Buy farms, not flats

Are property taxes too low or too high? A tweet from The Daily Mail’s Becky Barrow reminded me this week to check just how today’s taxes fare against those in the pre-council tax days.

Becky notes stamp duty hasn’t “always been a rip off”. In 1992, it was charged at a mere 1% on all houses sold for more than £30,000. But the thing about taxes in the UK is that there is usually a good amount of give and take.

The UK’s tax take is always knocking around between 33% and 36% of GDP. That’s rather lower than public spending (which is a shame…), but no government has managed to push it any higher, or shown much inclination to allow it to go lower.

So, one way or another, the rise in stamp duty is likely to have been matched by a fall in another property tax.

Which one? It’s pretty much what we used to call rates (the modern equivalent is council tax). Rates, abolished in 1990 after the dismal poll tax experiment, were based on the imputed rent for any given house.

They were both relatively high and much hated: as far back as 1907, British historian George Trevelyan complained that “the rates are one of the highest and the worst taxes under which Englishmen… have ever groaned”. Was it really that bad?

Let’s look at one small London house to see. In 1985, 2 Gaspar Mews in South Kensington sold for £180,000. Its sale particulars show that the annual rates payment at the time was £1,139 – 0.63% of its market price. Inflation-adjust £1,139 and you get £2,925.64 today.

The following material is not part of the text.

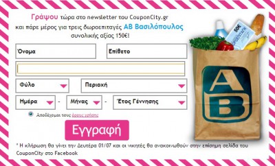 Το couponcity.gr διοργανώνει διαγωνισμό και σας δίνει τη δυνατότητα να κερδίσετε 3 δωροεπιταγές ΑΒ Βασιλόπουλος συνολικής αξίας 150€.

Now guess what you would pay in council tax on 2 Gaspar Mews today. It is £1,786. A mere 60% of what the absolute level of tax used to be. Now look at the relative tax rates. The house is worth around £1.6m now.

So, its annual property tax comes in at not 0.63% of its market price, but just over 0.1%. Relative to the value of the house, the annual levy has collapsed (as for that matter has the ability of councils to collect local revenues).

Look at it like that, and suddenly paying 5% in stamp duty when you buy a South Kensington mews house doesn’t seem so big a deal. The change might also help us make sense of the rise in house prices in the UK since 1990.

We tend to think that the biggest thing affecting house prices is the cost (and availability) of credit. But that’s largely because, today, that is the main cost of owning a house.

However, the collapse in annual property taxes must surely have played a part here too over the past 25 years: if the cost of owning an asset falls substantially, then it should be no surprise that the market price of that asset rises.

It works the other way too, of course, something London buyers might like to bear in mind as the rhetoric around mansion taxes steps up. Perhaps those with spare cash should be buying farms instead of flats?